U.S. Patent No. 9,542,527

They added this patent to their lawsuit case with ONT. I'm no expert in this area so I can't tell if this patent is broad enough to conflict with the 1D^2 method.

Anonymous said...

-- I'm no expert in this area so I can't tell if this patent is broad enough to conflict with the 1D^2 method.

No it isn't. It's broadly similar to their previous ip.

David Eccles said...

That patent has a hairpin loop in its stated claims. It therefore doesn't apply to the 1D² basecalling.
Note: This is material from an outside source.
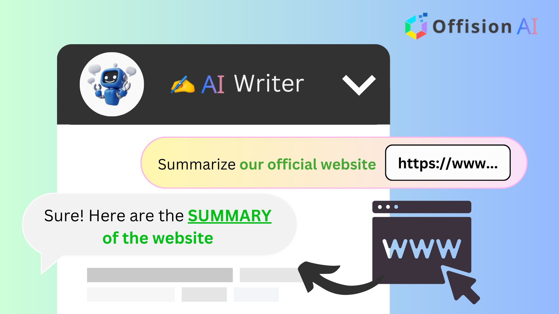 使用 Offision 的 AI Assistant Writer,總結網站內容從未如此簡單。此功能簡化了工作流程,增強了溝通,並使用戶能夠最大限度地提高工作效率 – 只需按兩下即可完成所有作。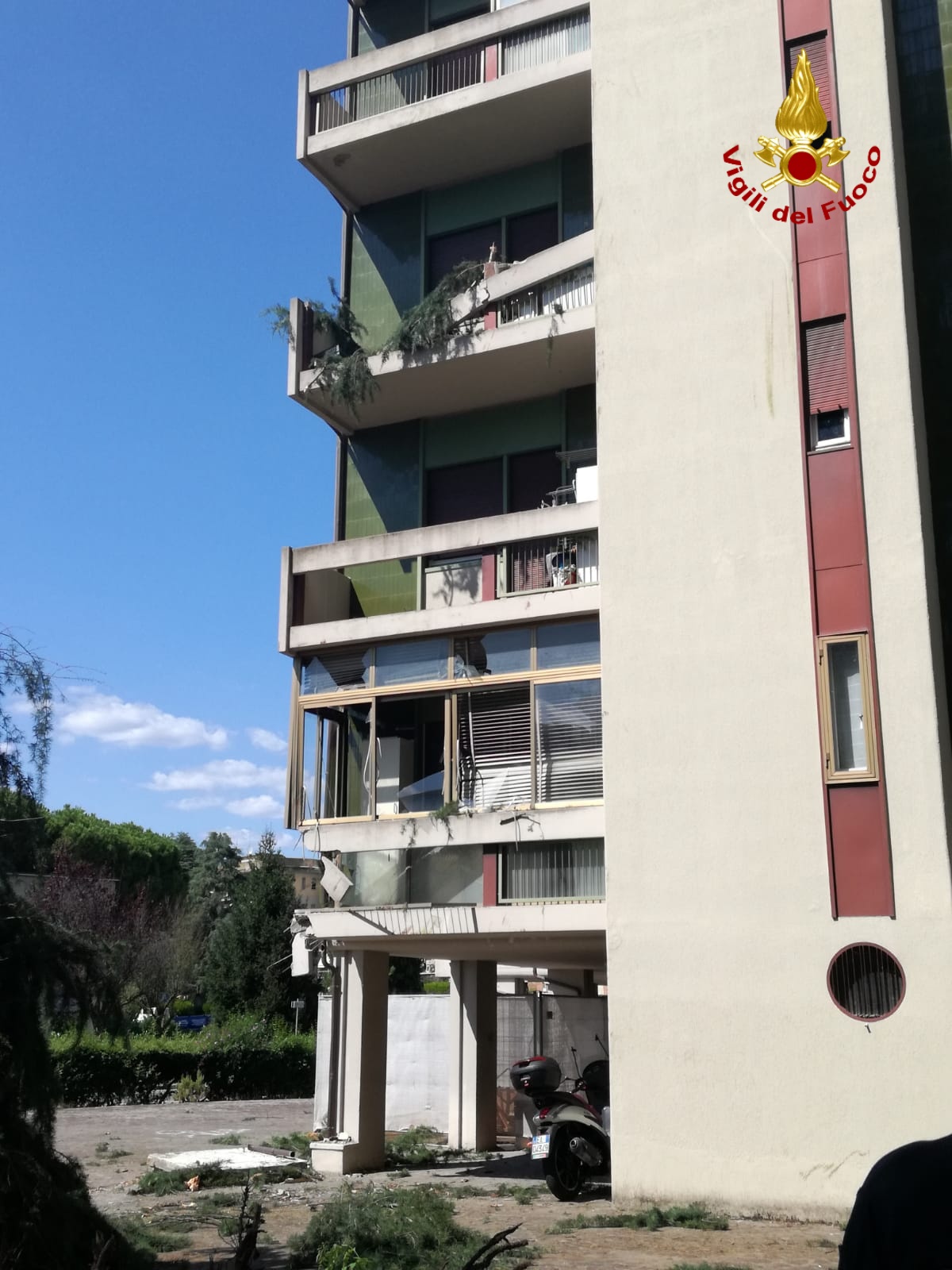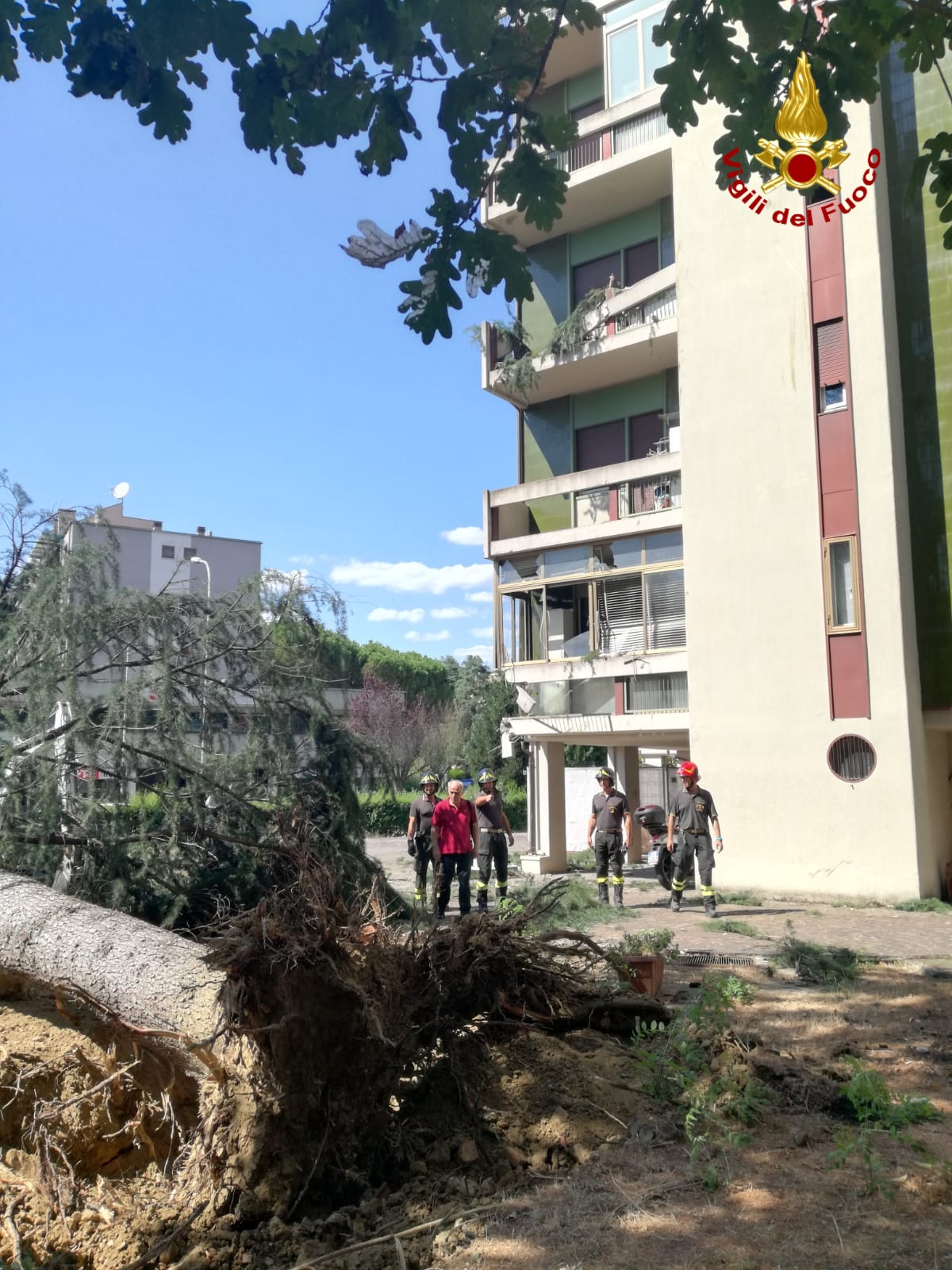 Un grosso albero è caduto su un edificio in via Tiziano ad Arezzo provocando ingenti danni ad alcuni balconi. Uno di questi è stato praticamente distrutto dalla caduta della pianta. Sul posto sono intervenuti i vigili del fuoco di Arezzo. Fortunatamente non ci sarebbero persone coinvolte.

It could possibly be argued that regardless of whether or not the hairpin is included, ONT's method doesn't overlap with this patent because the electrical trace is produced by the MinION sequencing device, rather than the nucleotide sequence. This particular patent doesn't discuss an intermediate step involving data in an alternate form that is dissimilar from the nucleotide model. Even if it did, the conversion from the electrical signal to the base call for the MinION is always carried out in software using a general-purpose computer.